*Work instructions:* Where the line containing "Swarm Of Bees" appears in the records below, begin there and repeat each line exactly through the final one, dropping all pictures.

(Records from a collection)

□ □ □

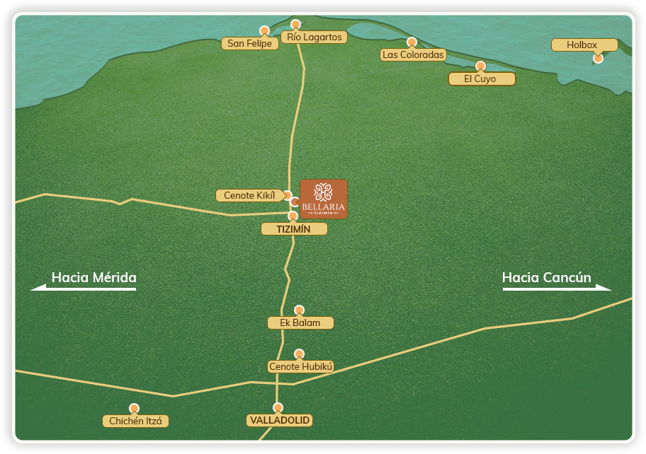 Bellaria es un desarrollo ubicado estratégicamente en Tizimín, uno de los municipios más extensos del estado de Yucatán. Se localiza dentro de la mancha urbana a orilla de la carretera que va de Tizimín a Rio lagartos. Al encontrarse dentro de la ciudad, tiene garantizado una plusvalía inmediata.
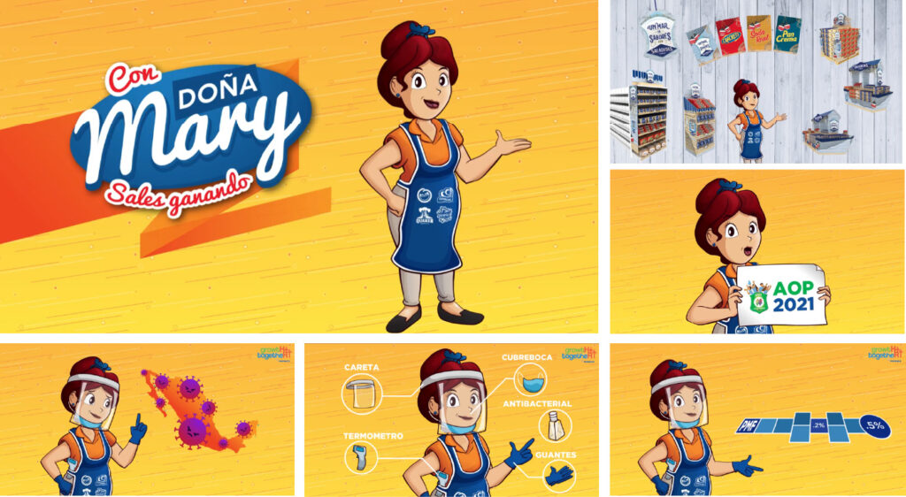 Animación de personaje previamente diseñado, interpretación por parte actriz de voz, grabación de locución, lip sync de personaje y animación explicativa sobre temas dirigidos a los mayoristas.
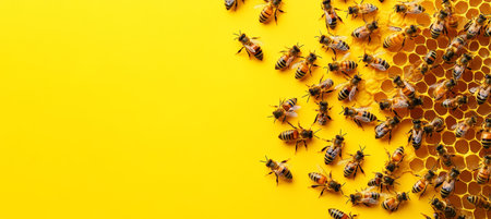 Swarm Of Bees Working On Honeycomb. Busy Honey Bees On Yellow Background With Copy Space For Text.
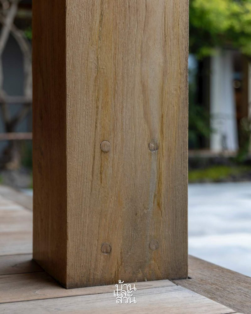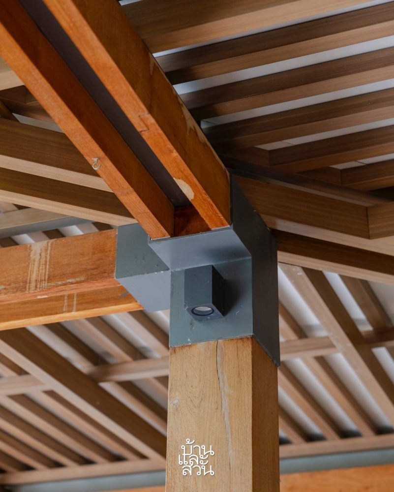 Mối nối giữa cột và dầm gỗ ở hiên được gia cố và che bằng thép, đồng thời lắp đặt đèn chiếu sáng
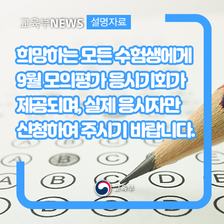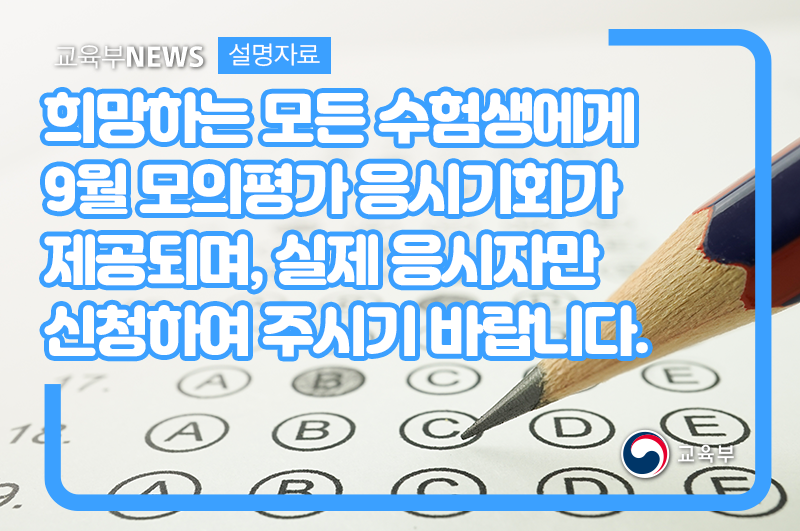 희망하는 모든 수험생에게 9월 모의평가 응시기회가 제공되며, 실제 응시자만 신청하여 주시기 바랍니다. 본문
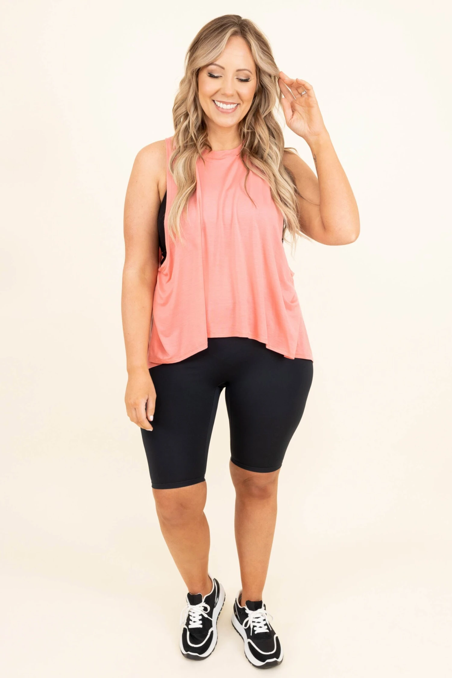 Get your groove on in this adorable tank! It has a light pink color with a sassy mermaid tail back that is perfect for your new go-to tank! Its stretchy, figure flattering fit is great for all day wear! Pair this tank with some biker shorts and sneakers for the ultimate casual look!
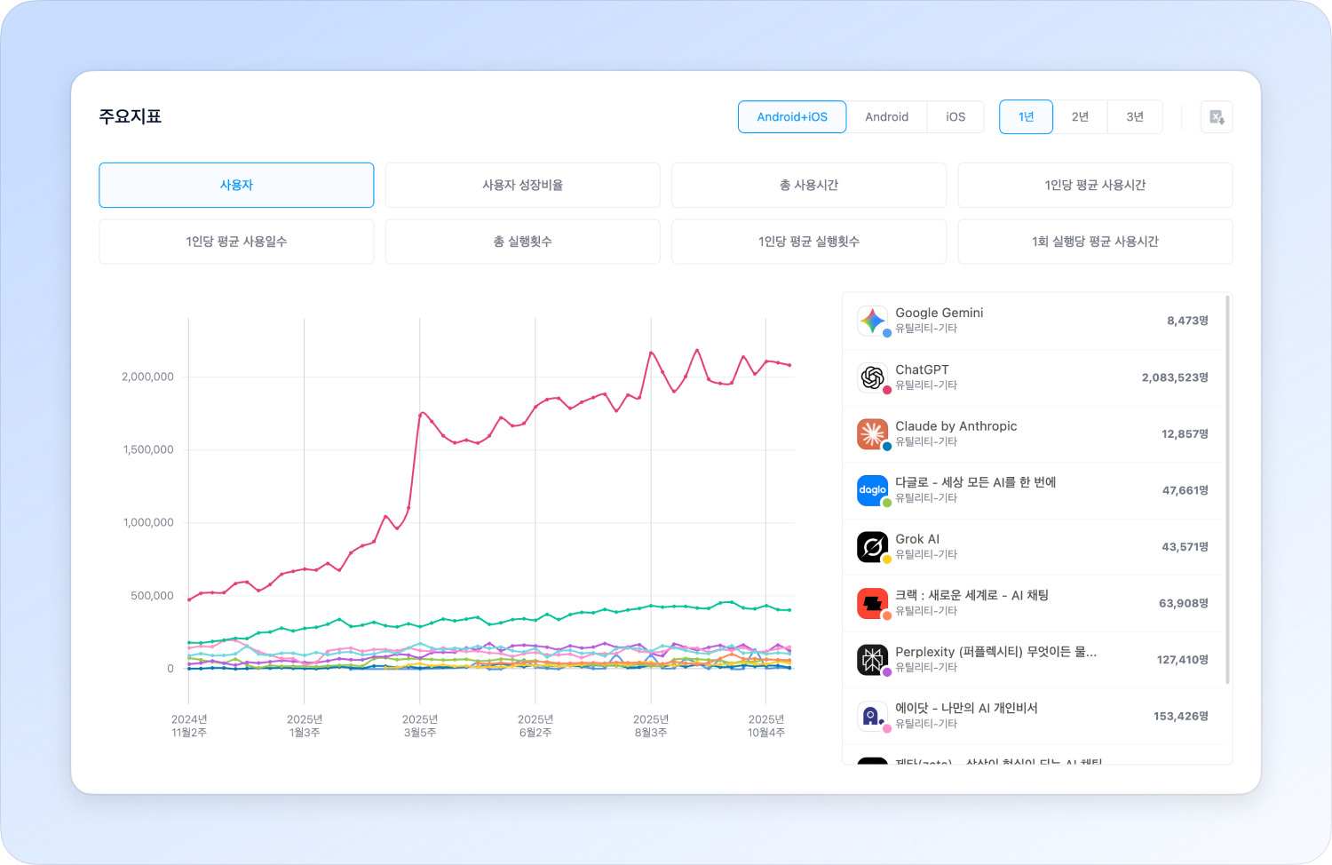 Compare key developer insights in detail through a wide range of metrics. You can download historical data and also download data for each indicator with OS filters applied.

□ □ □

*Output for this exercise:*
 Swarm Of Bees Working On Honeycomb. Busy Honey Bees On Yellow Background With Copy Space For Text.
 Mối nối giữa cột và dầm gỗ ở hiên được gia cố và che bằng thép, đồng thời lắp đặt đèn chiếu sáng
 희망하는 모든 수험생에게 9월 모의평가 응시기회가 제공되며, 실제 응시자만 신청하여 주시기 바랍니다. 본문
 Get your groove on in this adorable tank! It has a light pink color with a sassy mermaid tail back that is perfect for your new go-to tank! Its stretchy, figure flattering fit is great for all day wear! Pair this tank with some biker shorts and sneakers for the ultimate casual look!
 Compare key developer insights in detail through a wide range of metrics. You can download historical data and also download data for each indicator with OS filters applied.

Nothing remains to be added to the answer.